Final answer:
The dimensions of the triangular garden's sides are found using algebraic expressions. The shortest side is approximately 12.13 meters, the middle length side is approximately 30.33 meters, and the longest side is approximately 48.40 meters, based on the given relationships and perimeter.
Step-by-step explanation:
The perimeter of a triangular garden is 103m. To find the dimensions of each side, let's define the shortest side as x meters. The longest side is then 12 more than 3 times the shortest side, so it will be 3x + 12 meters. The middle lengthed side is five-halves the measurement of the shortest side, resulting in 5/2x meters. By adding these expressions together, we can set up the equation for the perimeter: x + (3x + 12) + (5/2x) = 103.

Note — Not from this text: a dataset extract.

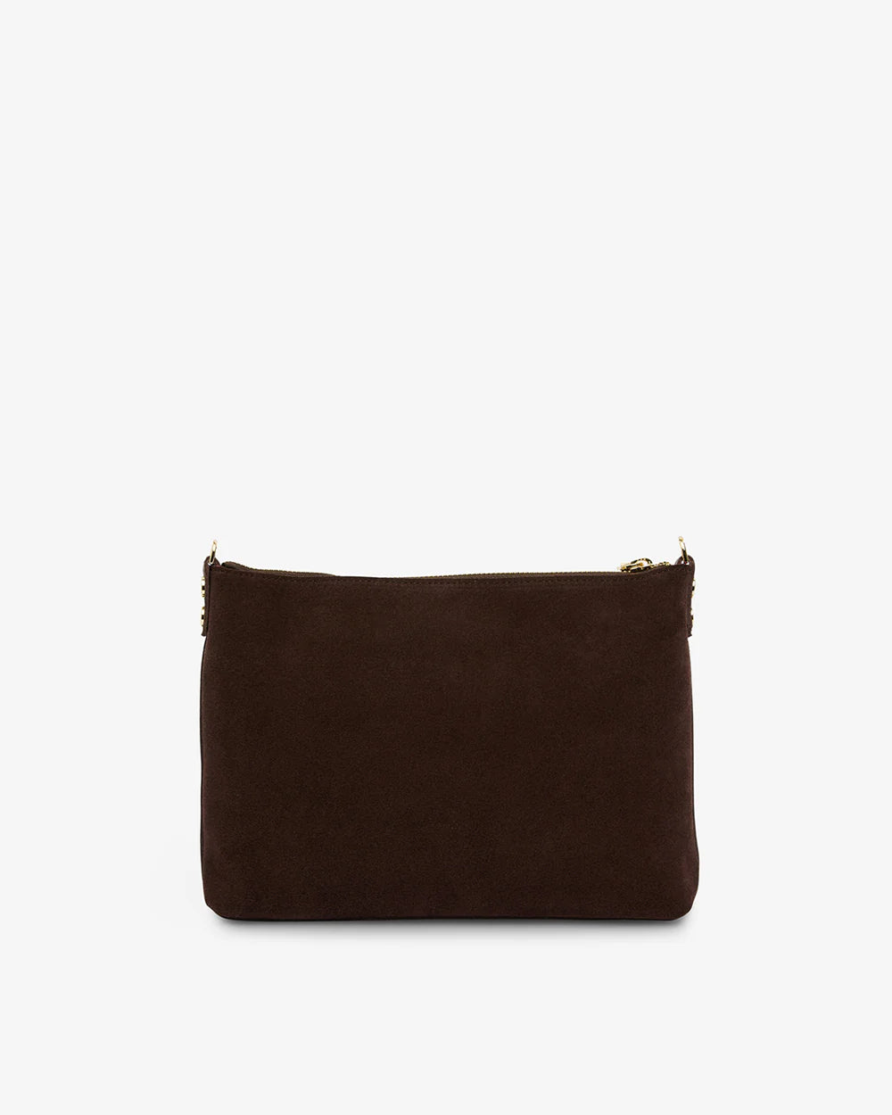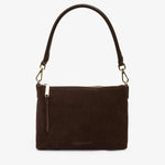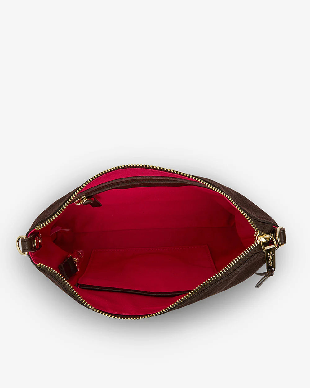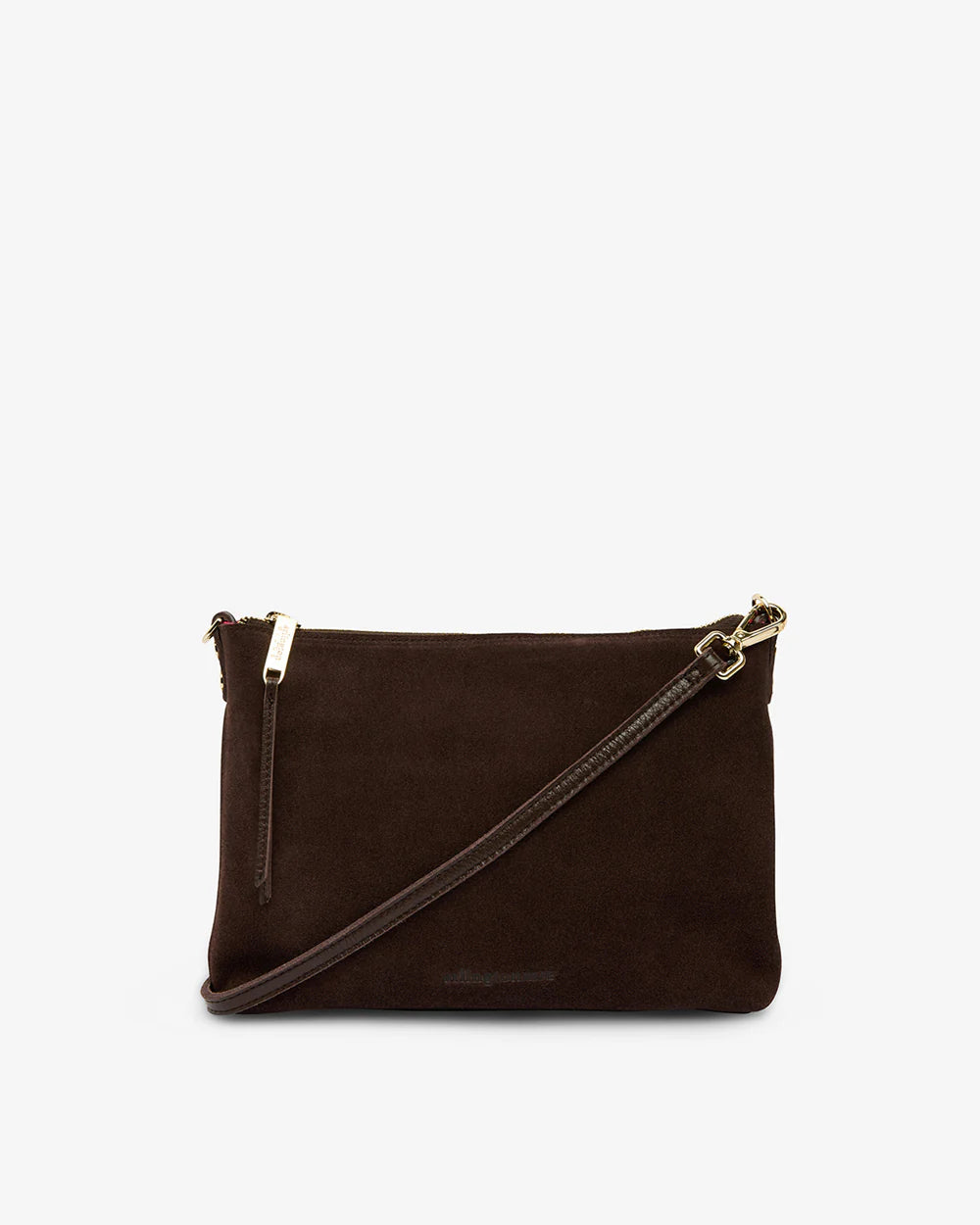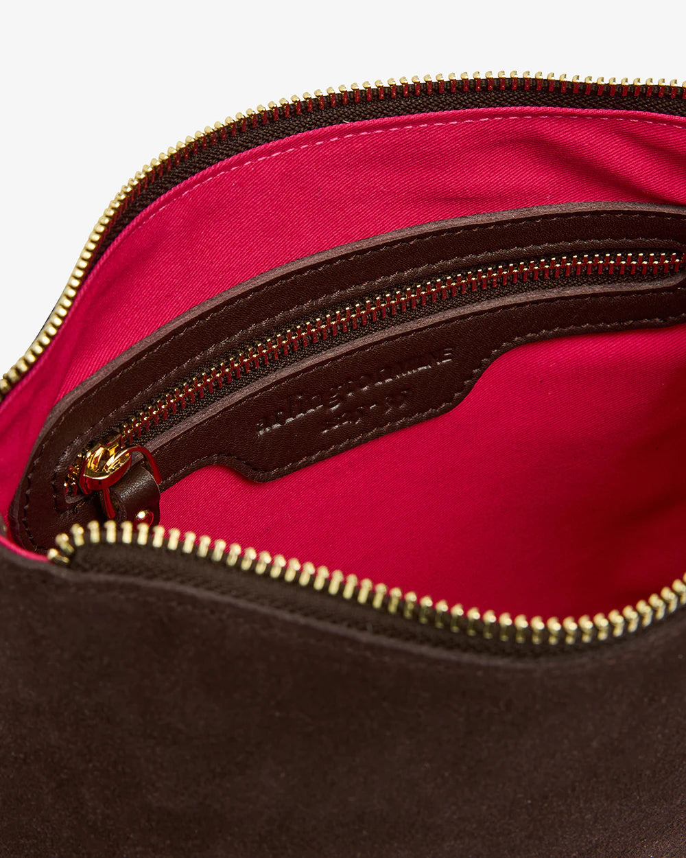 The Arlington Milne Baby Sophie Bag is crafted from premium suede. The petite member of the Sophie family, the bag offers three different straps, two rolled leather top grip straps, one in body leather and one in accent colour leather, and a longer, adjustable crossbody option. The secure top zipper opens to reveal an internal zip pocket, phone pouch and signature key clip.

Combine like terms to solve for x:
- 1x + 3x + 5/2x = 103 - 12
- (5/2 + 4)x = 91
- (10/2 + 5/2)x = 91
- (15/2)x = 91
- x = 91 × (2/15)
- x = 12.1333...
The shortest side is approximately 12.13 meters. The middle length side is 5/2 times 12.13, yielding approximately 30.33 meters. The longest side, 3x + 12, is 3 times 12.13 plus 12, giving us approximately 48.40 meters.